ROME: Italian Interior Minister Matteo Salvini on Monday launched a fresh crackdown on charity ships which rescue migrants off Libya and bring them to Italy.
“The ports have been, and remain, CLOSED,” Salvini said on Twitter, as his office released an eight-page directive on the laws regarding rescue operations — laws it said some aid vessels had been breaking.
The minister, who also heads up the anti-immigrant League party, has repeatedly declared Italian waters closed to NGO rescue vessels, leaving several of them stranded at sea in the past in a bid to force Europe to take its share of asylum seekers.
While he acknowledged in his directive that helping those who lives are in danger was a “priority,” he warned that there must be “sanctions” for those who “explicitly violate international, European and national rescue regulations.”
“Nor must the real risks that the group of migrants may conceal individuals involved in terrorist activities... be overlooked.”

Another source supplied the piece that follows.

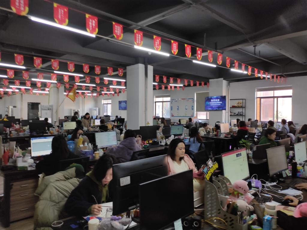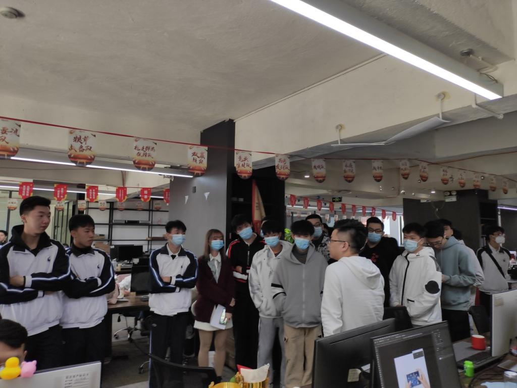 同学们在公司的统一安排下,乘坐校车来到公司,在公司招聘总监黄辉雄等人的带领下,同学们参观了公司的客服部、运营部、设计部、直播间、食堂、健身房等,并且现场观看各个业务部门的工作情况,由工作人员演示具体的工作流程,提前了解公司各岗位工作业务。
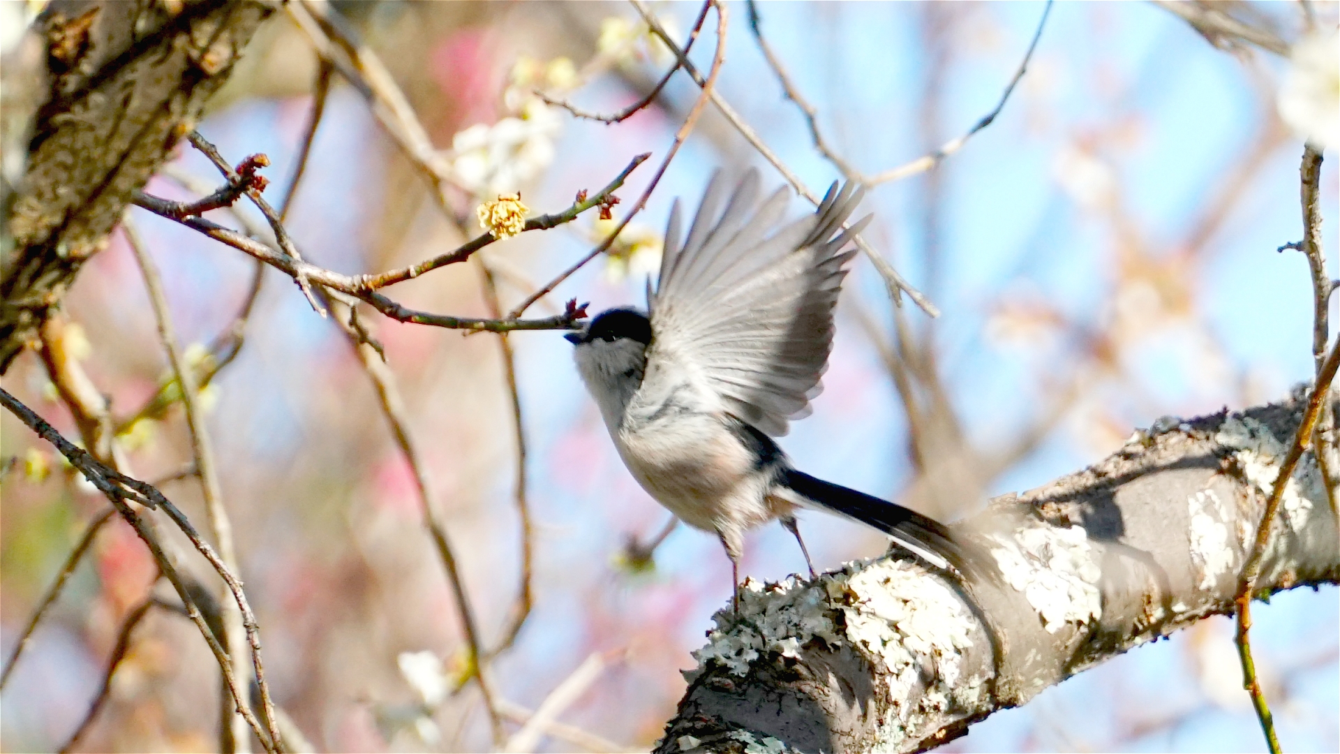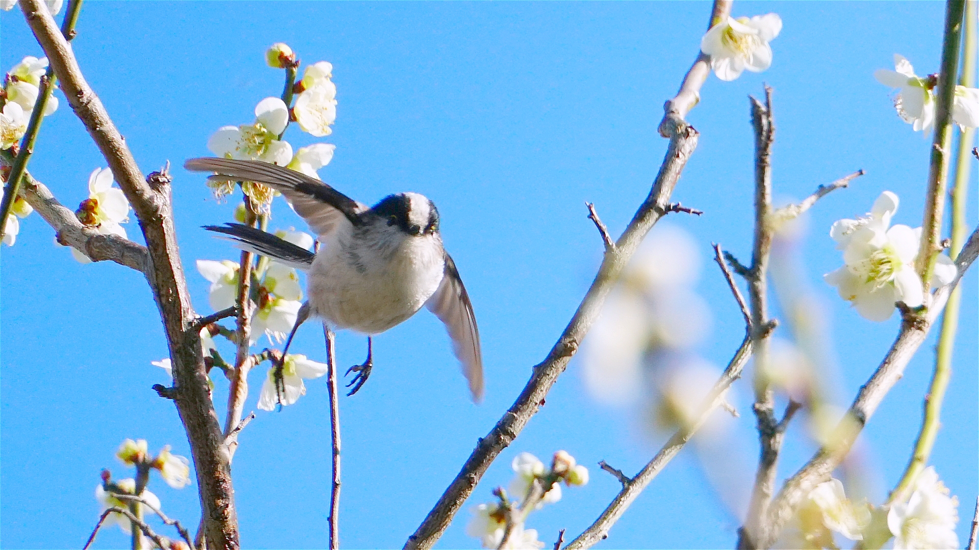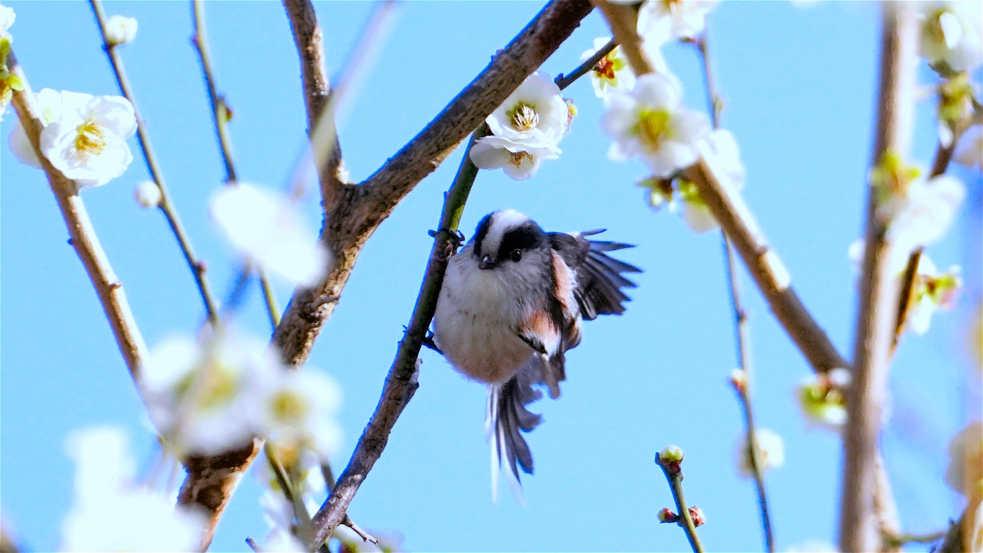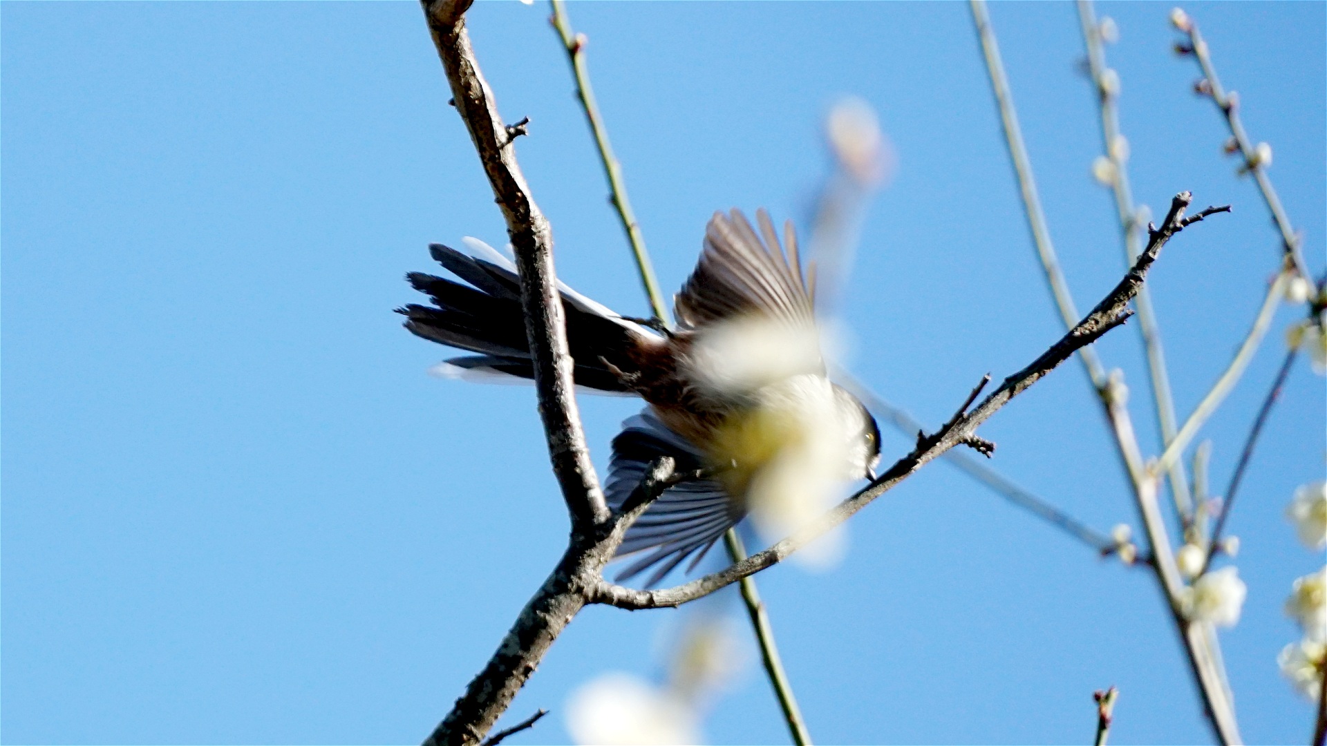 あああ・・・せっかく羽ばたきをとらえられたのに・・・ う、梅の花が邪魔しよった・・・

The “passage of rescue ships in Italian territorial waters” was “detrimental to the order and security of the Italian State,” he said.
The directive was issued just hours after an Italian charity ship rescued 49 people off the coast of Libya, under the nose of the Libyan coast guard, before requesting permission to disembark the migrants in Italy.

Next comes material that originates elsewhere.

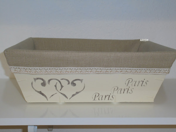 una la he decorado con mariposa y una escritura en francés para el baño y como todavía guardaba la tela que me sobró de el conjunto de bolsa y corazón que hice en 2012 me ha servido para forrarla y ahora mi conjunto de baño está más que completo

NGO ships have drawn fire from Rome by attempting on occasion to stop migrants being taken back to crisis-hit Libya, which human rights organizations insist cannot be considered safe for repatriations.

“It has happened that ships... have come to the aid of migrants in non-Italian SRRs (Search and Rescue Regions) and have disregarded the orders of the competent SAR (Search and Rescue) authorities,” Salvini said in the directive.
Ships rescuing migrants in areas of the Mediterranean that fall under Libyan responsibility, during operations not coordinated by the command center in Rome, have no right to seek Italy as a port of safety, he said.
He accused the ships in question of “carrying out the rescue on their own initiative and then heading toward European maritime borders... in violation of international maritime law.”
Salvini also took issue with charity ships that set sail for Italy rather than other ports.
“Nor are the Italian coasts the only possible landing places in the event of rescue events, given that the Libyan, Tunisian and Maltese ports can offer adequate logistical and health assistance... (and) are closer in terms of nautical miles.”
Salvini, whose anti-migrant rhetoric has boosted him in the polls, has repeatedly vowed to find a way to ban all ships with rescued migrants from entering Italian waters.
He also insists Europe must do much more to help house asylum seekers.
Europe has been wrestling with divisions over how to handle the problem since the migration crisis of 2015 when more than one million people arrived on its shores, many of them fleeing conflict in the Middle East.